#### [Exercise requirements]
Give again, unaltered, the lines of the listing below that run from the line having "Phoebe looks to" through the line having "отношение к цвету.".

#### [Supplied information]

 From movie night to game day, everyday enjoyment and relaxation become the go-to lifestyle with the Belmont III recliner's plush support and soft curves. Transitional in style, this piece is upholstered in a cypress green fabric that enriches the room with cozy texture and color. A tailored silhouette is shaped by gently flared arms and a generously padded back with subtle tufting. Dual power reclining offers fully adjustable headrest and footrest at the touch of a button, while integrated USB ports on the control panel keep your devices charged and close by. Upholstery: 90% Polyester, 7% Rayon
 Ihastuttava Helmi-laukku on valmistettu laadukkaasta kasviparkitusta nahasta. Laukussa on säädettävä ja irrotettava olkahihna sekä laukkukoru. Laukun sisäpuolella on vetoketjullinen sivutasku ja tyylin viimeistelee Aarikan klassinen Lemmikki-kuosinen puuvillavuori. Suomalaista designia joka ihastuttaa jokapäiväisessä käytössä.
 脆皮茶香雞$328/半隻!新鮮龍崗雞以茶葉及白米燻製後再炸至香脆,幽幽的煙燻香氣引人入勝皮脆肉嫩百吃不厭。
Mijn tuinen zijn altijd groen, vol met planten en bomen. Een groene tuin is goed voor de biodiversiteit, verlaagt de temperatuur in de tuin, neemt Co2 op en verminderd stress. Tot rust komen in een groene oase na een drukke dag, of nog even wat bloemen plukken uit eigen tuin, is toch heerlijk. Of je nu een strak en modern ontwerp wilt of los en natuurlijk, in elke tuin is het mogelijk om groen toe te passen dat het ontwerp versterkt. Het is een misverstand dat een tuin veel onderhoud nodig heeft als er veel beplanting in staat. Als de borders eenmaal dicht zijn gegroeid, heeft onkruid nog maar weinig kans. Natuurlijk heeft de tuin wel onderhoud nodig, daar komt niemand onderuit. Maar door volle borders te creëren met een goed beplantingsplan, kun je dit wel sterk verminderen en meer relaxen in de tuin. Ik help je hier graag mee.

==

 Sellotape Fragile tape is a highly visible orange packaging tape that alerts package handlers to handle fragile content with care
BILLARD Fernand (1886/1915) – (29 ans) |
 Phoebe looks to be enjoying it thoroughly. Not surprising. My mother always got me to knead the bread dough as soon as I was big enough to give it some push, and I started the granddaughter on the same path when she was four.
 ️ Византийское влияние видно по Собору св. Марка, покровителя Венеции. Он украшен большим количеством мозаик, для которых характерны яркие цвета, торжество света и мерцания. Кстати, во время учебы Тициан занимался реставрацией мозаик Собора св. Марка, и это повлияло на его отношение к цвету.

...

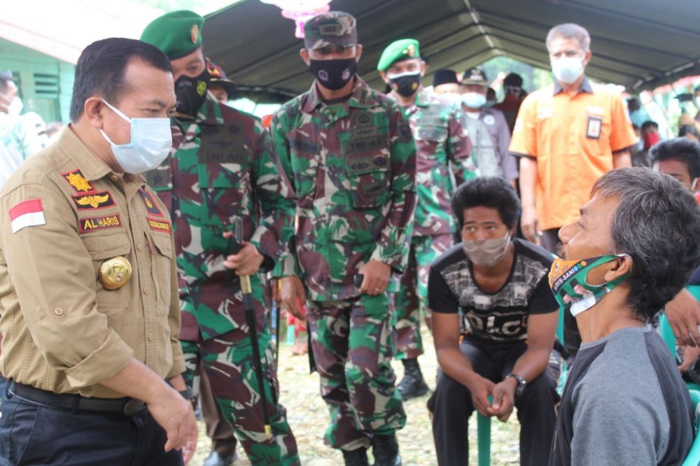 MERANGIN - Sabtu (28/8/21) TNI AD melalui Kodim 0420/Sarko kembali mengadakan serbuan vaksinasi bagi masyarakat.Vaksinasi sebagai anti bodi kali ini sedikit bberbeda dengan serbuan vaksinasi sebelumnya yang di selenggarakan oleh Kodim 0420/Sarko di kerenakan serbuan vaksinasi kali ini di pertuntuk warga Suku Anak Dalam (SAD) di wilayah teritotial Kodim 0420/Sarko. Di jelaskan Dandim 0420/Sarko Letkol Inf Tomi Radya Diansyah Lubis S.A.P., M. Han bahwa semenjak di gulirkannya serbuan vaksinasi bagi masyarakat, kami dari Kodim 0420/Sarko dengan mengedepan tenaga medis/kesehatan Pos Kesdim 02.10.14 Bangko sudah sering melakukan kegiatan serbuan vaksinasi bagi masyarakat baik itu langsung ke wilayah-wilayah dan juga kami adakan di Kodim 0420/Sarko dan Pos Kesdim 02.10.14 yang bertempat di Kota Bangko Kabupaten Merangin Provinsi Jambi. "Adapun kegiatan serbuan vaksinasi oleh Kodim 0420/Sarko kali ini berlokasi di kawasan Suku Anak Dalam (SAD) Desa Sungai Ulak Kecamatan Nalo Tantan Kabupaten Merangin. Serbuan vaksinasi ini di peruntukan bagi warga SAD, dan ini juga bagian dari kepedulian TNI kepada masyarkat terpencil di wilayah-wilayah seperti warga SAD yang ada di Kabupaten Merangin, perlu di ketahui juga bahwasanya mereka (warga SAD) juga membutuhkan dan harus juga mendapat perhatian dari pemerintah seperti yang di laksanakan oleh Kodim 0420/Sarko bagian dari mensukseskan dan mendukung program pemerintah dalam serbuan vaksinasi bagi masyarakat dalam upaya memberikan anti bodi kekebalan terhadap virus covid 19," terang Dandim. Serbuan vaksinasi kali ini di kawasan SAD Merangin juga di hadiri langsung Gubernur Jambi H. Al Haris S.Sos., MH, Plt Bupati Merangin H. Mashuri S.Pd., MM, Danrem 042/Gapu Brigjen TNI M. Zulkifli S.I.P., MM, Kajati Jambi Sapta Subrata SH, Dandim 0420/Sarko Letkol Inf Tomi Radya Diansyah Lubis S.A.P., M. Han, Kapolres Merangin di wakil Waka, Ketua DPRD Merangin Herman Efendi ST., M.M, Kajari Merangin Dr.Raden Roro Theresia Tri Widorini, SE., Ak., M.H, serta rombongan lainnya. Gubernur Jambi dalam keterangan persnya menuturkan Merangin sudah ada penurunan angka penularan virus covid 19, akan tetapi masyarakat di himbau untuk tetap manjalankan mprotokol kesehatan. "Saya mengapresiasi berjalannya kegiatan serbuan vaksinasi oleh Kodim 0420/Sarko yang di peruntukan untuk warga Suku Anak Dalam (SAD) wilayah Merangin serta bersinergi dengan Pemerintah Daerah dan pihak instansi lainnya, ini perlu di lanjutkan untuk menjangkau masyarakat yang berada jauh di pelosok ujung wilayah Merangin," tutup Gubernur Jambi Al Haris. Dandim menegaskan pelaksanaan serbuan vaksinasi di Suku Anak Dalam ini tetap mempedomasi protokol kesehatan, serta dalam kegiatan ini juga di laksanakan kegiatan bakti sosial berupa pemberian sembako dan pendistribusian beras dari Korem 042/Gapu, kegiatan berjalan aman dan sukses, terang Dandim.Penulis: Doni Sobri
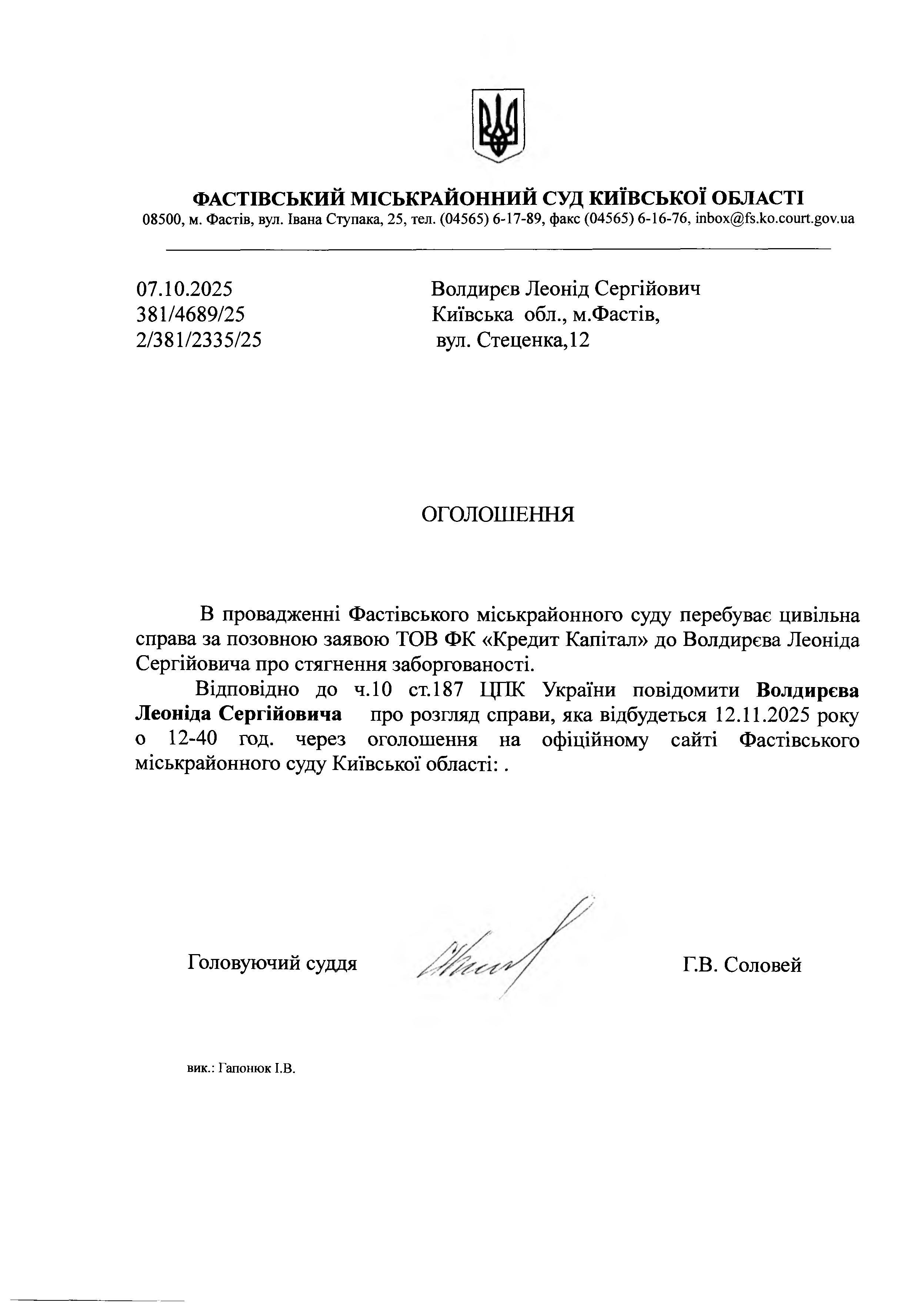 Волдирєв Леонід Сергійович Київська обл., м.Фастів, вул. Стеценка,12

#### [Your response]
 Phoebe looks to be enjoying it thoroughly. Not surprising. My mother always got me to knead the bread dough as soon as I was big enough to give it some push, and I started the granddaughter on the same path when she was four.
 ️ Византийское влияние видно по Собору св. Марка, покровителя Венеции. Он украшен большим количеством мозаик, для которых характерны яркие цвета, торжество света и мерцания. Кстати, во время учебы Тициан занимался реставрацией мозаик Собора св. Марка, и это повлияло на его отношение к цвету.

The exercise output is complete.